By utilizing a plurality of modular sub-assemblies 30, a combination of terminals can be easily added or removed from the connector 10. The outer cover 22 is merely removed and the modules removed or added as desired. The cover is then replaced.

If desired, keying projections 91 can be added to frame member 36 and a mating receptacle 93 located in front wall 57 of front member 52. Such projections can also be utilized to provide polarization to ensure that the modular sub-assemblies 30 are not inserted upside down. An additional feature to ease assembly of the modular sub-assemblies 30 to shield 12 would be to provide color coding for the sequence of the modules. Different color markings could be provided on each tab 32 and modules 32 would either have similarly colored markings or the cover halves 82 could be molded of appropriately colored plastic.

In an instance in the prior art where a male connector would not have been mated to a female connector mounted on a printed circuit board, the present invention contemplates utilizing a "dummy" module (not shown) that would not have any electrical conductors or terminals secured thereto. If, at a later time, it is desired to remove the "dummy" module and replace it with a functional sub-assembly, such a conversion can easily be made. Similarly, an operational modular sub-assembly 30 can likewise be easily replaced by another operational sub-assembly or a "dummy" module with minimal effort.

In the embodiment shown, six or fewer modules can be secured to shield 12 and frame member 36. Of course the number of modules, the types of terminals contained within each modular sub-assembly 30 as well as the positioning of the modules can be altered provided that the mating connector 100 is similarly modified.

As is shown in FIGS. 1 and 2, the modular sub-assemblies 30 located on the two sides of the connector include cylindrical shaped terminals 20 that can be used for high-speed video transmissions keying or fiber optics, or any combination thereof. The center four sub-assemblies have leaf-type terminals of known type. As shown in FIG. 4, the array of cylindrical-shaped terminals adjacent side 106 includes a fiber optic connector 108 in order to provide additional flexibility in the connector assembly. In the array of cylindrical-shaped terminals adjacent side 104, one of the circular openings for receiving the terminals 20 is blocked to act as a keying mechanism. With such a configuration, the connector 10 would mate with the female connector 100 shown in FIG. 4. Such female connector would be mounted to a printed circuit board (not shown) and is substantially identical to that disclosed in co-pending application Ser. No. 711,231, which is hereby incorporated by reference. The principal difference between the connectors shown in application Ser. No. 711,231 and that of the present invention is that the connector of FIG. 4 includes the cylindrical shaped terminals 20 at both sides 104 and 106.

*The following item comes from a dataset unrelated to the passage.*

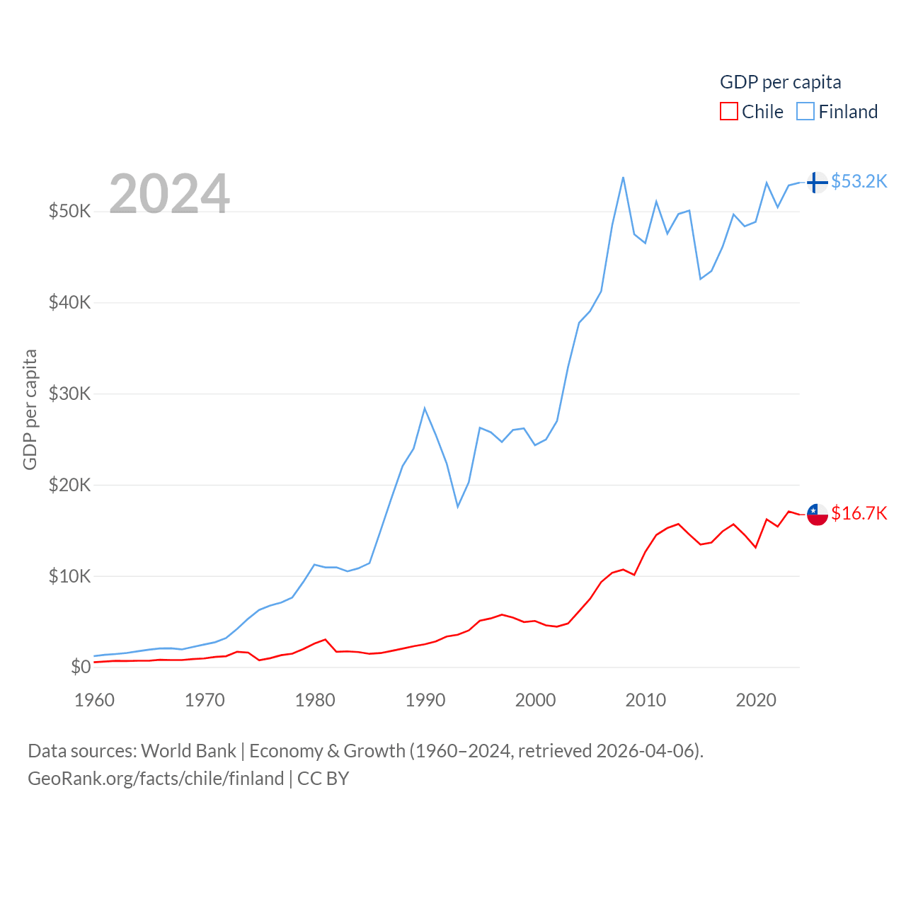 By GDP, Chile ranks 45/197 ($330B) and Finland ranks 47/197 ($299B). By GDP per capita, Chile ranks 65/197 ($16,710), while Finland ranks 23/197 ($53,150).

It will also be understood that the embodiments of the present invention which have been described herein are merely illustrative of an application of the principles of the invention. Numerous modifications may be made by those skilled in the art without departing from the spirit of the scope of the invention.

Claims

1. An electrical connector assembly comprising:

a shield and frame member wherein at least a portion thereof is conductive;

a plurality of modular sub-assemblies, each module having a dielectric housing in which a plurality of terminals are mounted, and a conductive shield member secured to conductive shielding of at least one shielded cable, each said terminal being electrically connected to a conductor contained within one of said at least one shielded cable;

latch means for removably securing each said modular sub-assembly to said shield and frame member, said latch means mechanically and electrically directly engages and connects said conductive shield member and the conductive portion of said shield and frame member; and

interconnection means for electrically connecting said electrically conductive portion of said shield and frame member to said conductive shield member to complete the ground circuit between the conductive shielding of said shielded cable and said conductive portion of said shield and frame member.

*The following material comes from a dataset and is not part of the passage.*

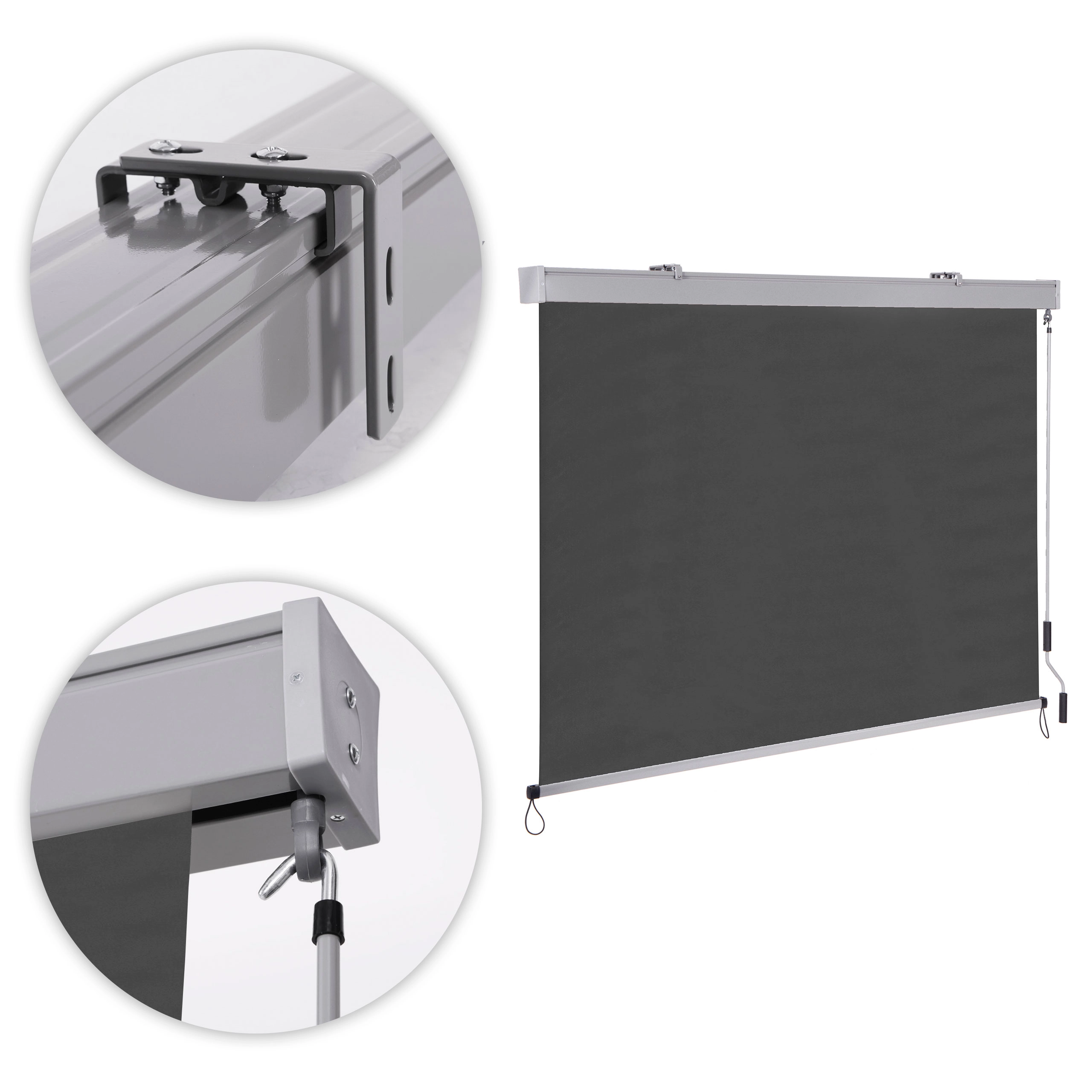 installation simple et rapide. Tous les composants nécessaires sont inclus. Le store se fixe sur deux supports métalliques, vissés au mur avec des chevilles.

2. The electrical connector assembly of claim 1 wherein said shield and frame member includes a dielectric frame member having aperture means for receiving said plurality of modular sub-assemblies.

3. The electrical connector assembly of claim 1 wherein said conductive portion of said shield and frame member comprises a plurality of projections, said projections forming a part of said interconnection means and being received within said modules.

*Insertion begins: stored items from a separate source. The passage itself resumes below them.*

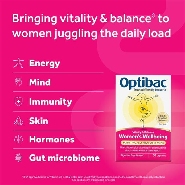 Discover the power of Optibac Women's Wellbeing, a premium all-round friendly bacteria supplement designed specifically for the stresses of daily life. Perfectly formulated to bring vitality & balance, this supplement enhances energy levels and reduces feelings of tiredness and fatigue.
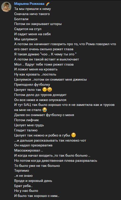 Девушка слила их старую переписку, где тогда 14-летняя девочка в подробностях ей описала, как все происходило. А также добавила, что она не хочет так спасать репутацию Вани, ей просто не нравится подобная спекуляция от Марьяны, чтобы унизить бывшего.
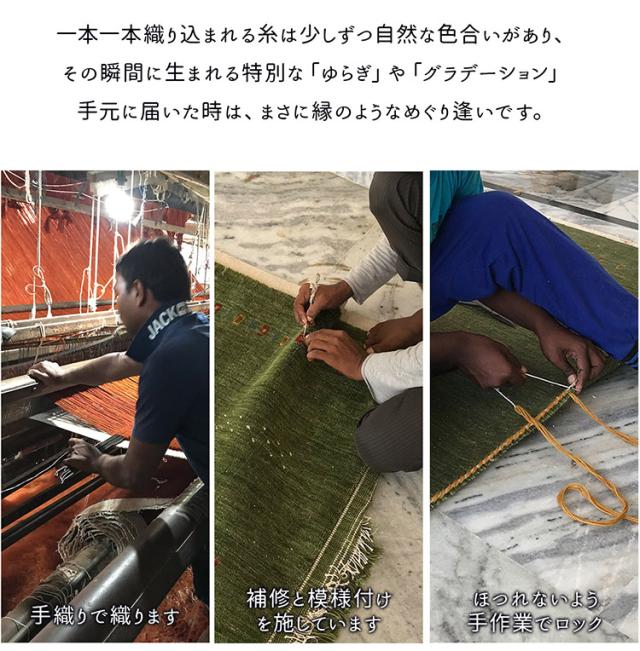 なめらかな肌触りと程よいボリューム感。願いや思いが込められた文様がポイントのインド製手織りギャッベ。

4. The electrical connector assembly of claim 1 further comprising in insulative cover surrounding said modular sub-assemblies when said sub-assemblies are secured to said shield and frame member.

5. The electrical connector assembly of claim 1 wherein said conductive portion of said shield and frame member comprises a plurality of projections, said projections forming a part of said interconnection means.

6. The electrical connector assembly of claim 5 wherein said conductive portion of said shield and frame member includes a stamped and formed metal component.

7. The electrical connector assembly of claim 5 further comprising an insulative cover surrounding said modular sub-assemblies when said sub-assemblies are secured to said shield and frame member.

8. A modular electrical connector comprising a plurality of terminal supporting modules, each said module being secured to a frame member to create an array of modules, said array defining a mating face of the connector for mating with another connector, wherein the improvement comprises:

a portion of said frame member being electrically conductive to provide shielding at said mating face;

each said module including a dielectric outer housing and a conductive shielding member secured to conductive shielding of a cable, said conductive shielding member comprising a pair of stamped and formed components, each stamped and formed component having a tail portion for contacting the conductive shielding of a shielded cable, and a mating portion for mating with a portion of said electrically conductive portion of said frame member, a portion of each stamped and formed member being located within said dielectric outer housing;

means for securing each said module to said frame member; and

interconnection means for electrically connector said electrically conductive portion of said frame member to said conductive shield member to complete the ground circuit between conductive shielding of a shielded cable and said conductive portion of said frame member.

9. The modular electrical connector of claim 8 wherein said stamped and formed components further include a portion that projects through an opening in said cover to permit said mating portion to be unmated from said conductive portion of said frame means.

10. The modular electrical connector of claim 9 wherein said conductive portion of said frame means comprises a stamped and formed shield having a plurality of projections that project away from said face and mate with said mating portion to create an electrical connection between said shield, said stamped and formed components and the conductive shielding of a shielded cable.

11. The modular electrical connector of claim 10 further comprising an insulative cover member surrounding said modules when they are secured to said frame member.

12. The modular electrical connector of claim 11 wherein a first module contains a first type of terminals and a second module contains a second type of terminals.

13. An electrical connector assembly comprising:

a dielectric frame member having aperture means for receiving a plurality of modular terminal assemblies;

a first outer conductive shield member fixed to said frame member;

a plurality of modular sub-assemblies, each modular sub-assembly having a dielectric housing in which a plurality of terminals are mounted, and a second conductive shield member secured to conductive shielding of at least one shielded cable, said second conductive shield member including a pair of stamped and formed components, each stamped and formed component having a tail portion for contacting the conductive shielding of the shielded cable and a mating portion for mating with said first outer conductive shield member, each said terminal being electrically connected to a conductor contained within one of said at least one shielded cable;

means for securing each said modular sub-assembly to said shield and frame member; and

interconnection means for electrically connecting said first outer conductive shield to said second conductive shield member to complete the ground circuit between the conductive shielding of said shielded cable and said first conductive shield member.

14. The electrical connector of claim 13 wherein said second conductive shield member further includes a button portion to permit said mating portion to be unmated from said first outer conductive shield member.

15. The modular electrical connector of claim 14 further comprising an insulative cover member surrounding said modular sub-assemblies when they are secured to said frame member.